Antenna
Abstract
An antenna comprising: (a) semi-conductor means ( 1 ) having upper and lower surfaces; the upper and lower surfaces having a pattern of electrically conducting regions; (b) first generating means ( 9, 10 ) for generating conducting plasma filaments of charged carrier between the upper and lower conducting regions; (c) radio frequency feed means ( 8 ) to selected ones of the conducting plasma filaments in order to couple radio frequency energy to or from the semi-conductor means; and (d) second generating means for selectively generating a pattern of conductive filaments between the surfaces of the semi-conductor means in order to reflect and thereby to focus an electromagnetic wavefront incident upon an edge of the semi-conductor means to at least one radio frequency feed point within the semi-conductor means; and the antenna being planar dielectric lens antenna with controlled conductive elements forming a direction antenna for the reception or transmission of a beam frequency energy in the plane of the semi-conductor means.
Claims
exact text as granted — not AI-modifiedWhat is claimed is:
1. An antenna comprising:
(a) semi-conductor means having upper and lower surfaces, the upper and lower surfaces having a pattern of electrically conducting regions;
(b) first generating means for generating conducting plasma filaments of charged carriers between the upper and lower conducting regions;
(c) radio frequency feed means to selected ones of the conducting plasma filaments in order to couple radio frequency energy to or from the semi-conductor means; and
(d) second generating means for selectively generating a pattern of conductive filaments between the surfaces of the semi-conductor means in order to reflect and thereby to focus an electromagnetic wavefront incident upon an edge of the semi-conductor means to at least one radio frequency feed point within the semi-conductor means;
and the antenna being a planar dielectric lens antenna with controlled conductive elements forming a directive antenna for the reception or transmission of a beam of radio frequency energy in the plane of the semi-conductor means.

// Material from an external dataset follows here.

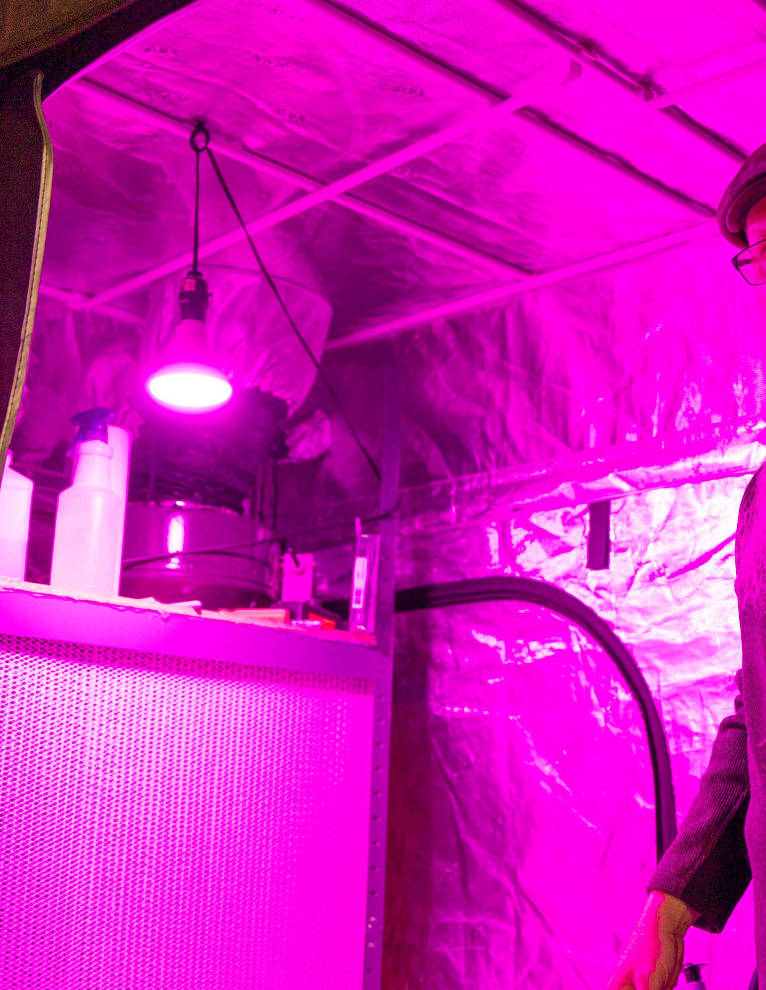 First things first: Thomas will order a mycelium liquid culture from a reputable growing house, which is injected into a nutrient-rich buffet of oats that have been sterilized. The batches are kept in special bags that allow for the flow of gasses. The inoculated grain is moved to a warm incubation room where the white tendrils of the mycelium start to spread throughout. After a few weeks, the grain is broken up and mixed with oak pellets, soybean husks and water and moved to the growing room, a cooler space where the bag is cut open to allow oxygen in and cause the tiny mushroom heads to burst forth.

2. An antenna according to claim 1 in which the regular matrix of filaments is in the form of a plurality of concentric rings of points thereby to enable simulation of a quasi-planar reflector.
3. An antenna according to claim 1 in which the first generating means is electrical bias means for providing an electrical bias potential between the said electrodes on the upper and lower surfaces.
4. An antenna according to claim 1 in which the antenna is a flat circular dielectric lens antenna.
5. An antenna according to claim 1 in which the semi-conductor means is a semi-conductor plate and in which the semi-conductor plate comprises selectively doped regions.
6. An antenna according to claim 1 and including a shaped dielectric medium concentric with the perimeter of the semi-conductor means, whereby electromagnetic coupling between the antenna and an external medium is enhanced.
7. An antenna according to claim 1 in which the pattern of conducting plasma filaments is configured such as to focus electromagnetic energy from an external medium to a point feed within the semi-conductor means, a radio frequency feed at the focal point enabling the electromagnetic coupling to or from the antenna.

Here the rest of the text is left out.